2 new pix, how him and spend our time togther: him a big huffy ball occasionally poking his head out lol

We are working together. But I'm not giving up. More pix to come.


----------



## hanhan27 (May 12, 2011)

Oh my! Is his coloring really as dark as the pictures make it look? He is so handsome.


----------



## shortnerdy (Jul 3, 2011)

hanhan27 said:


> Oh my! Is his coloring really as dark as the pictures make it look? He is so handsome.


Hello Hanhan,

Nah not that dark here's a repost from another thread of him being stubborn in the bath. He was proving he could ball up even in a foot of water hahahah "Mum, NO NAIL CLIP!!l


----------



## DexterTheHog (May 22, 2011)

hahaha dawww look at him float! So cute!!


----------



## shaelikestaquitos (Feb 2, 2010)

He's sooo cute!

And sooo chunky!
But obviously not overweight since he seems to be able to roll up fully! Just a chunky monkey


----------



## shortnerdy (Jul 3, 2011)

shaelikestaquitos said:


> He's sooo cute!
> 
> And sooo chunky!
> But obviously not overweight since he seems to be able to roll up fully! Just a chunky monkey


Sheldon perfers the term "fluffy" lol. He can do the full ball he just does partial in the bath or he gets a face full of water hahaha


----------



## shetland (Sep 2, 2008)

The pictures are wonderful! Thank you.


----------



## shortnerdy (Jul 3, 2011)

Someone looks fat and grouchy in this pic!

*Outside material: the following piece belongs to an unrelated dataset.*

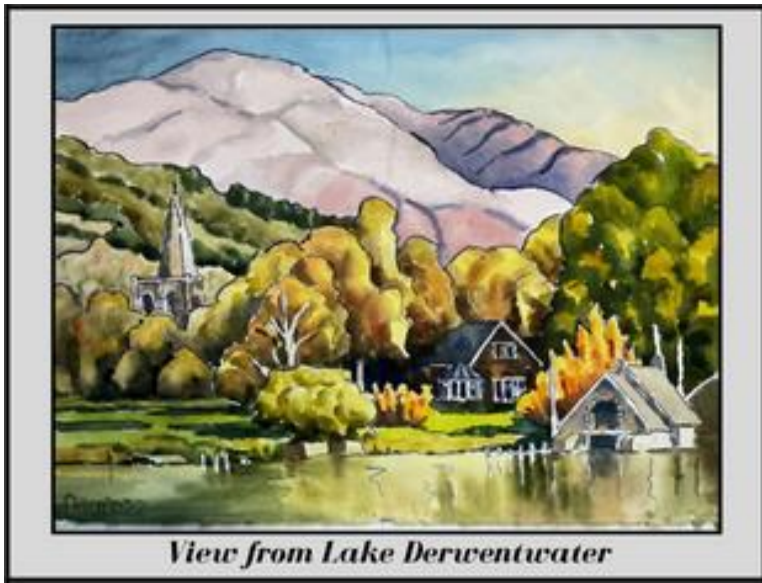
View from Lake Derwentwater

party, then we must use 120% of our focus and ability to stay out of the way of the stronger and more dangerous party in order to survive.....yet these new laws are doing the absolute reverse...they are more or less suggesting that the predators and the prey should swap places....try working that one out....).....well....I enjoyed getting all that out of my system.....and that feeling alone assures me that I am definitely part of nature on this Earth.....!.....in truth, I think most of us would agree that we humans today are spending far too much time worrying and exaggerating our own emotional hurts caused by words alone, (and in doing so creating our own new disease known as mental health) while spending far too little time taking note of the real physical hurts (sticks and stones) we are handing out to our own environment and our animal cousins who inhabit it. They of course have no voice. Also, finally, another word on this concept of 'biting the hand that feeds you'. Could we not extend that concept and say that Mankind as a whole, because of its recent success in at last physically overpowering Nature, and
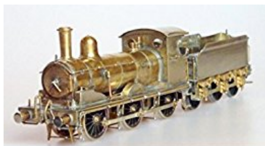
Scratch-Building Model Railway Locomotives

Also: you can see his poor nails here and can understand my desperation to cut them


----------



## Guest (Jul 15, 2011)

shortnerdy said:


> Someone looks fat and grouchy in this pic!
> 
> Also: you can see his poor nails here and can understand my desperation to cut them


Still adorable, keep at it on the clip attempts! Is he a sound enough sleeper to not notice you clipping in his sleep?


----------



## shortnerdy (Jul 3, 2011)

@twcogar 

Nope he wakes the second I open his cage


----------



## PJM (May 7, 2010)

Sheldon is a cute grump! Much like my Pepper.  Keep it up & hopefully he'll get more used to you. He really is cute though!


----------